Gravel est un individu qui:
1) “lancerait des roquettes si on traitait les Québécois comme les Israéliens traitent les Palestiniens”.
2) est “beaucoup plus contre ceux qui provoquent le terrorisme que contre les terroristes”;
3) méprise les pharisiens (i.e. les ancêtres spirituels des Juifs).

Gravel est un individu pour qui:
1) un navire ne contenant aucune cargaison humanitaire et brisant illégalement un blocus (le Mavi Marmara) pose un geste humanitaire! Et le pays qui commet le geste légal d’arraisonner ce navire est inhumain!
2) Israel est un “état voyou et terroriste”. Mais pas la Syrie…
3) “Israel agit de manière violente et inhumaine à l’égard de la population civile de Gaza”.
4) 160 000 Syriens massacrés méritent moins de réaction verbale de sa part que 160 terroristes palestiniens éliminés.

Mes condoléances à sa famille, néanmoins.
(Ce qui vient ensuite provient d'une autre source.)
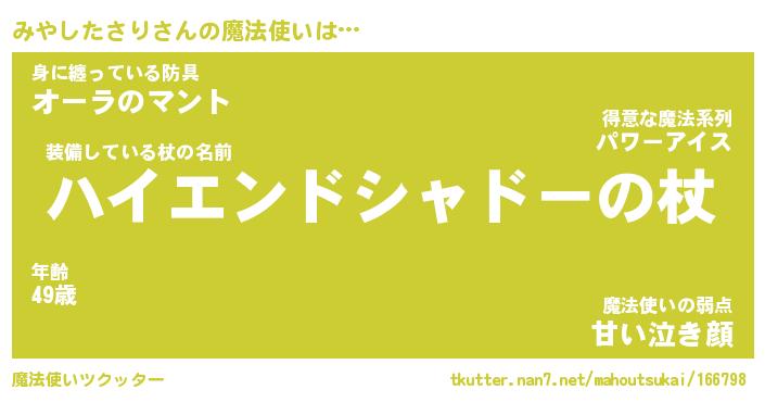| ヒーロー風カッコイイあだ名 | 『スーパーミヤシタサリ』『黄金騎士ミヤ』 |

Les citations viennent de mon assez longue correspondance avec lui. Les non citations résument la substance de ce qu’il écrivait.
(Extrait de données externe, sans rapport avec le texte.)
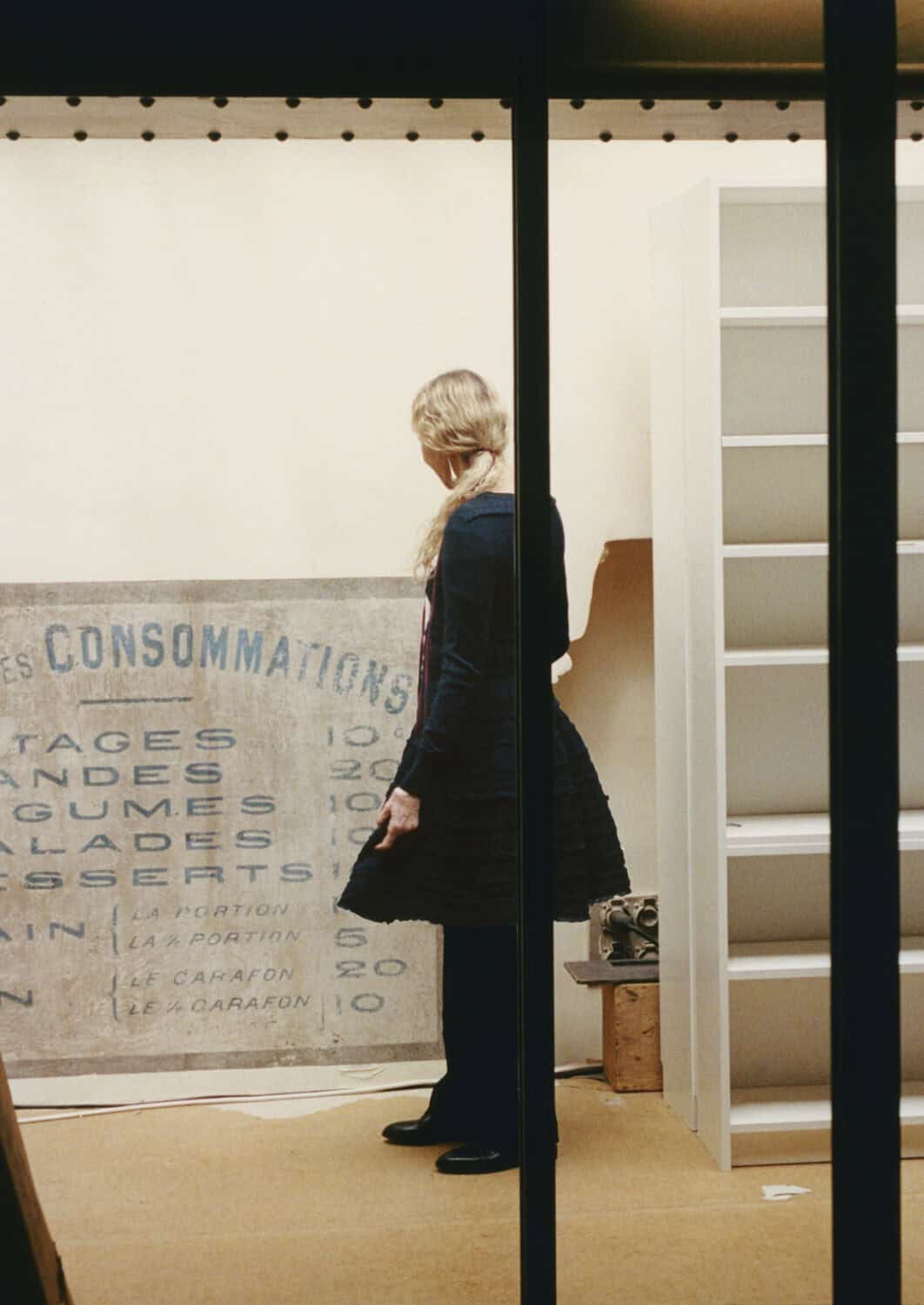 from left: Carla in the archive, standing in front of an 18th-century painting of a restaurant menu, wearing a dark blue knitted dress, AW08

Donc il n’était pas parfait. Et il lui arrivait d’émettre des opinions avec lesquelles certaines personnes n’étaient pas d’accord. C’est une forme d’hommage …

Beaucoup de personnes, des journalistes, des politiciens, des monsieurs et madames tout le monde, ont reconnu et remarqué cet homme vrai dans ses paroles et ses actions, mais je n’ai entendu aucun commentaire encore de la part de ses pairs de l’église catholique, plutôt curieux même s’il avait la réputation d’être un peu délinquant dans sa gang, j’espère qu’ils auront le courage de lui rendre hommage lors de ses funérailles.

Voilà un article juste qui résume bien la personne qu’il était…

Comment prêter attention à des propos aussi peu « honorable ». Belle tribune pour cracher lâchement sur un simple individu.
Une chance pour toi qu’il y a des débats d’opinions et d’idées libre au Québec !!!
Le plus ironique dans tout cela, c’est que l’abbé Gravel t’aurait pardonné 🙂

Mes condoléances à sa famille, qu’il repose maintenant en paix.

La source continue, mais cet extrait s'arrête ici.